## The task
In the material below, find the line with "Women's Sweet Daily" and the line with "(서울=뉴스1) 신웅수 기자", then output those two lines and every line between them, exactly.

## Exercise data

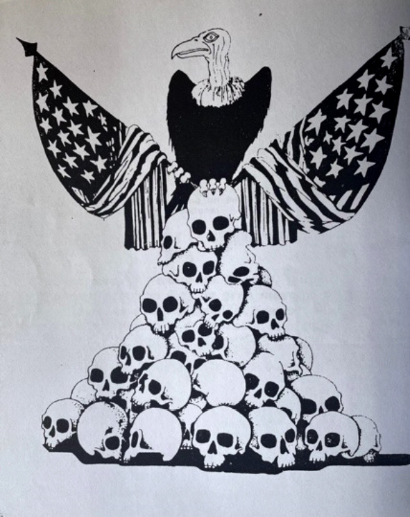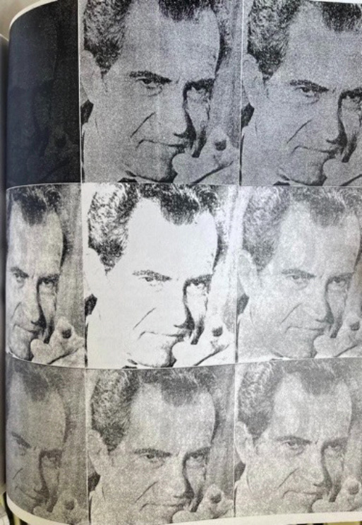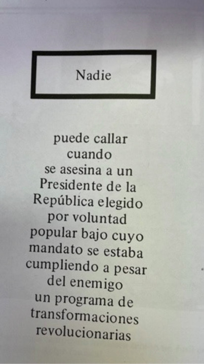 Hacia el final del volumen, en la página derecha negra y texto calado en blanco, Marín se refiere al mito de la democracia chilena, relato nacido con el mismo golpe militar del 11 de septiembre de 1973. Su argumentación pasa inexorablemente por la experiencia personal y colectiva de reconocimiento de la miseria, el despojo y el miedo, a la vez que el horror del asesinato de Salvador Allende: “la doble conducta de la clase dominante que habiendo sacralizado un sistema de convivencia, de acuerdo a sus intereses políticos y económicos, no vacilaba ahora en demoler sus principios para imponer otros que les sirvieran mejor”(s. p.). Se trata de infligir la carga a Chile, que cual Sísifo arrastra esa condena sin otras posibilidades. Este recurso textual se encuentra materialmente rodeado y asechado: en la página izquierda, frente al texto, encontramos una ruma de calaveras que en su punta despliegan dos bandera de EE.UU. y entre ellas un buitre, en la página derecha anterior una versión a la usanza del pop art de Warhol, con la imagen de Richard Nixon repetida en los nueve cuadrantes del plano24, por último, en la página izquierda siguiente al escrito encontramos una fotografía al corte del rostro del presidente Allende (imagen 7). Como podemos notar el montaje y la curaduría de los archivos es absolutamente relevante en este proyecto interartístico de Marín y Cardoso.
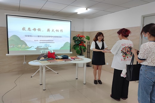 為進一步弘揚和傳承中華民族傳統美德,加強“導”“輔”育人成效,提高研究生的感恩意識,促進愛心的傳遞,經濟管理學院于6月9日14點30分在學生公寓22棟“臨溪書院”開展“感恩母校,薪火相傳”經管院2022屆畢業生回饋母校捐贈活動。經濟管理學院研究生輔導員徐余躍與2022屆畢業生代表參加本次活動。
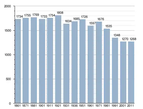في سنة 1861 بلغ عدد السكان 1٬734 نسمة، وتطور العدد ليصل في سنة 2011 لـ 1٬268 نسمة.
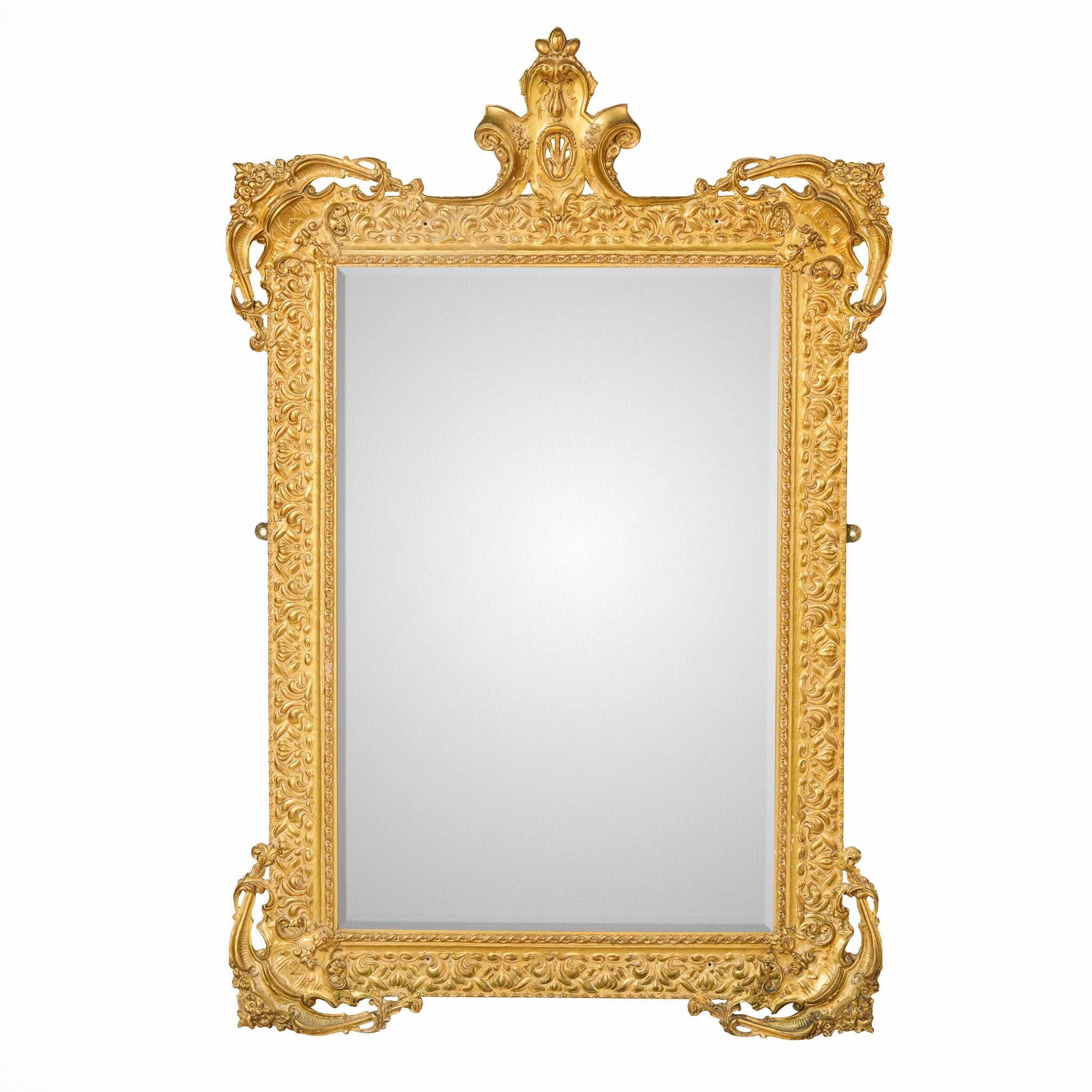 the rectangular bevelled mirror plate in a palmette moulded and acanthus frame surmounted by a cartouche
* * *
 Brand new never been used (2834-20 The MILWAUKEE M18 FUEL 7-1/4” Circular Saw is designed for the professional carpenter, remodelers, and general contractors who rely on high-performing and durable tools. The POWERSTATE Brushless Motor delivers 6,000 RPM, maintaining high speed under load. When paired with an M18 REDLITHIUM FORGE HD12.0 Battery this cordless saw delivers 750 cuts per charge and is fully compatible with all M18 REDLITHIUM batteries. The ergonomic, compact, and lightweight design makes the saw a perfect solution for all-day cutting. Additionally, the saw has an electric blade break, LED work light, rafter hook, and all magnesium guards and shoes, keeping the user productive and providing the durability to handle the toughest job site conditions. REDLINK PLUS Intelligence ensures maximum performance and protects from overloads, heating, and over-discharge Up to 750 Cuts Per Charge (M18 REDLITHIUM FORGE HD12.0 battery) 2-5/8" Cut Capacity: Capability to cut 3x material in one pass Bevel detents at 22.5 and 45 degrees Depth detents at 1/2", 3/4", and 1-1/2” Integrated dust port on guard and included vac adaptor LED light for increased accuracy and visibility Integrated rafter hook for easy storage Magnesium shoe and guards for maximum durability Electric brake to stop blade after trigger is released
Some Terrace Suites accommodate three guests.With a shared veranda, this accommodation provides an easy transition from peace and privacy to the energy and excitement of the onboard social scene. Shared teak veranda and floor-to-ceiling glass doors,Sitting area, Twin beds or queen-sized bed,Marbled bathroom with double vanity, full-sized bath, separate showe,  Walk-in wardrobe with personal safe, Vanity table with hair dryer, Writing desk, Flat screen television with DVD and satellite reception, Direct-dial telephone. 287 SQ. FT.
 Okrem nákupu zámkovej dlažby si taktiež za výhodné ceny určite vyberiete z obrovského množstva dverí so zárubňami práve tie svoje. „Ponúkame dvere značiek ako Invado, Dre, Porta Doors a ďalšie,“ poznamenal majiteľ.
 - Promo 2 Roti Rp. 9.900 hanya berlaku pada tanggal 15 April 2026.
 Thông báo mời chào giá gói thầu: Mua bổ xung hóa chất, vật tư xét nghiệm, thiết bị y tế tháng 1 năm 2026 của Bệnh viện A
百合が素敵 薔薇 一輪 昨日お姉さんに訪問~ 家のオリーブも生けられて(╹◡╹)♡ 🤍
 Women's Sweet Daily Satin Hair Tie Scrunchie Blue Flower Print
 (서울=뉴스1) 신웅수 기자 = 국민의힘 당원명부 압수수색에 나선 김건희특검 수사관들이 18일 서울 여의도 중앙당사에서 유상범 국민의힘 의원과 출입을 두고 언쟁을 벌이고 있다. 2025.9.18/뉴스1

## Exercise response
 Women's Sweet Daily Satin Hair Tie Scrunchie Blue Flower Print
 (서울=뉴스1) 신웅수 기자 = 국민의힘 당원명부 압수수색에 나선 김건희특검 수사관들이 18일 서울 여의도 중앙당사에서 유상범 국민의힘 의원과 출입을 두고 언쟁을 벌이고 있다. 2025.9.18/뉴스1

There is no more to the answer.